Brief
Copy the records below line by line and word for word, from the very first line through the line with "LIMI フラワープリント7分袖カットソー 黒S", omitting each picture.

[Dataset items]

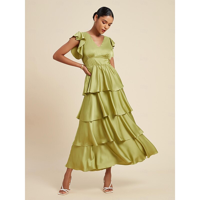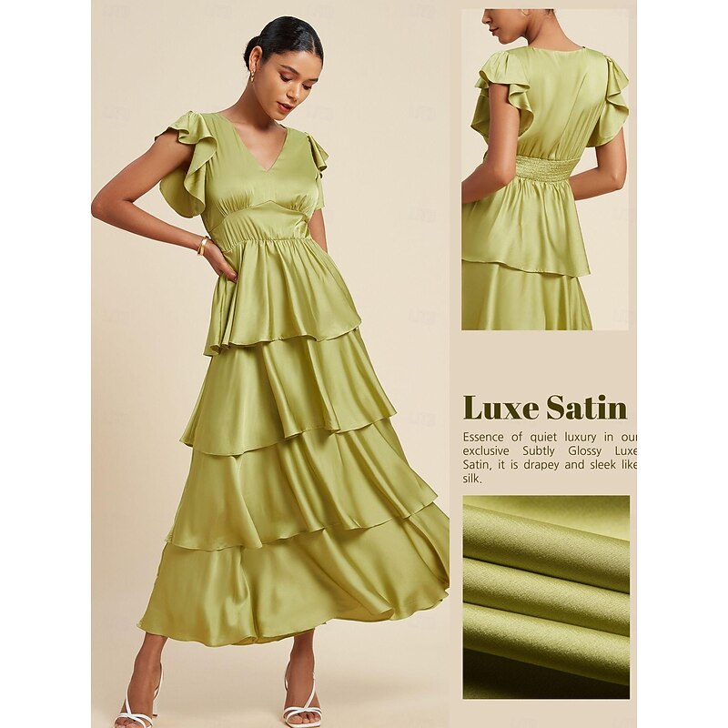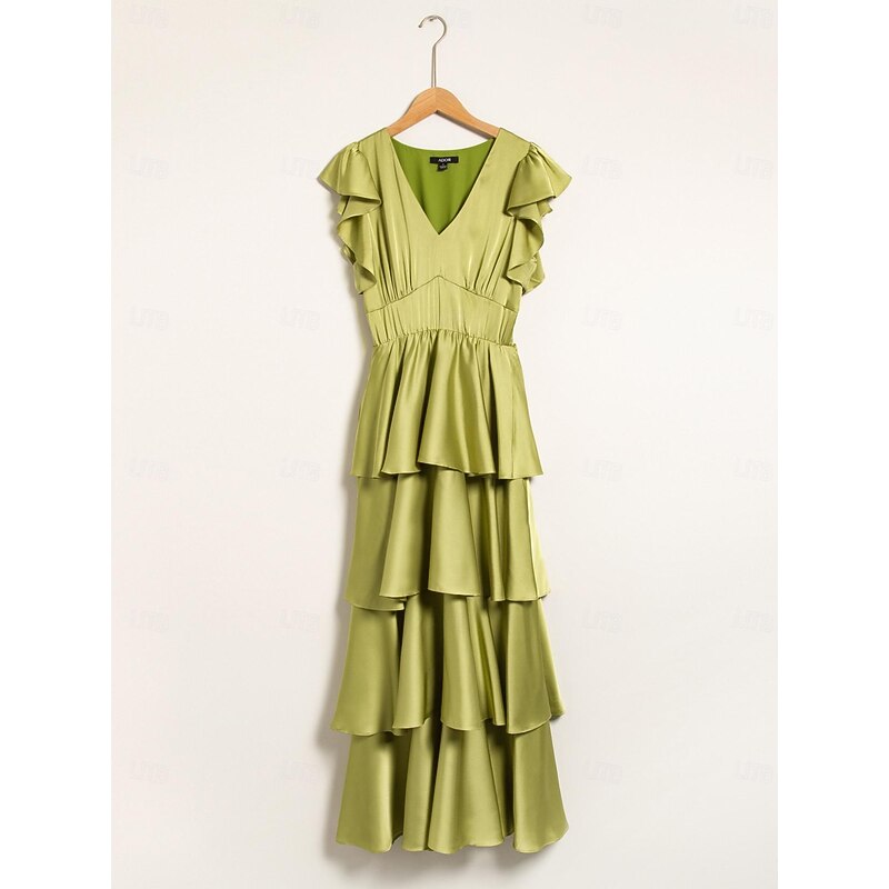 More information about Satin Ruffle V Neck Maxi Dress
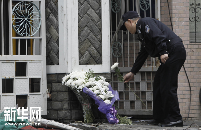 11月16日,一位警察正将菊花摆放在发生火灾的大楼入口处。新华社记者 裴鑫 摄
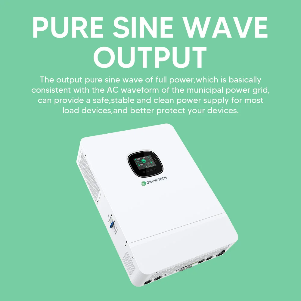 Funciona con baterías de litio-ión y de plomo-ácido de 48 V, admite comunicación con el sistema de gestión de baterías (BMS) y la función de horarios programados.
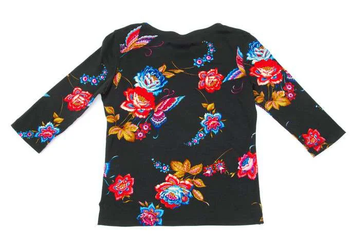 【SALE】ワイズビスリミY's bis LIMI フラワープリント7分袖カットソー 黒S
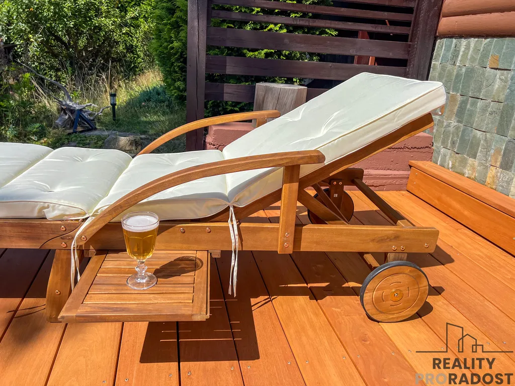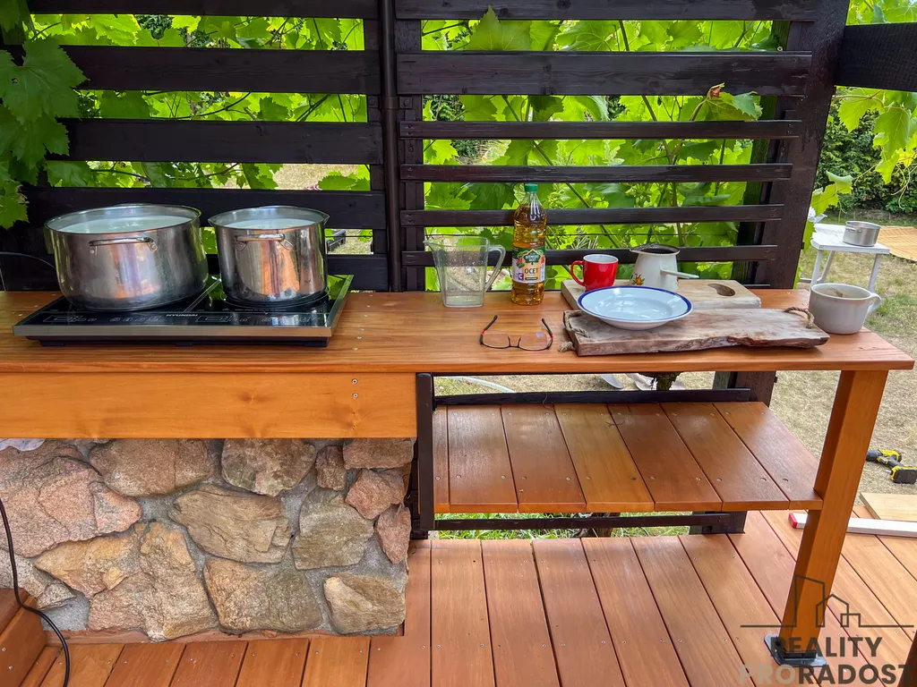 1. LUXUSNÍ ŽIVOT VENKU (Terasa Garapa) Dominantou je zcela nová terasa (dokončeno 06/2025) z prémiového tropického dřeva Garapa s životností desítky let. Součástí je na míru dělaná letní kuchyně. Zde se odehrává život – snídaně na slunci i večerní grilování s výhledem. (Celkový prostor k užívání vč. teras je velkorysých 76 m²).
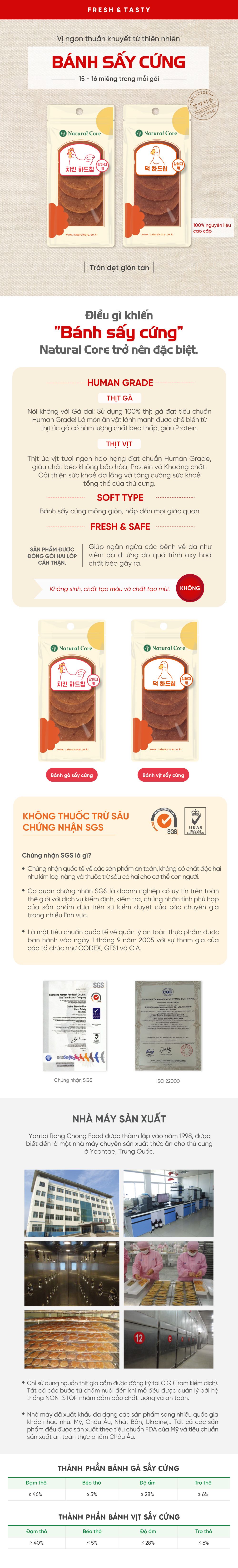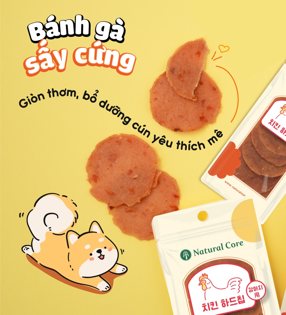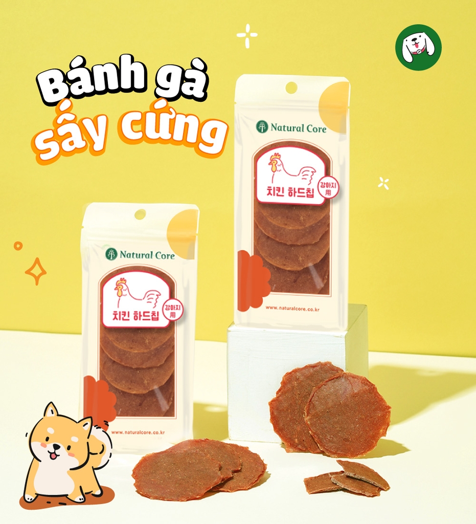 - Bánh gà sấy cứng: Thịt gà, Glycerin (dầu dừa), bột ngũ cốc, muối.

Response area
 More information about Satin Ruffle V Neck Maxi Dress
 11月16日,一位警察正将菊花摆放在发生火灾的大楼入口处。新华社记者 裴鑫 摄
 Funciona con baterías de litio-ión y de plomo-ácido de 48 V, admite comunicación con el sistema de gestión de baterías (BMS) y la función de horarios programados.
 【SALE】ワイズビスリミY's bis LIMI フラワープリント7分袖カットソー 黒S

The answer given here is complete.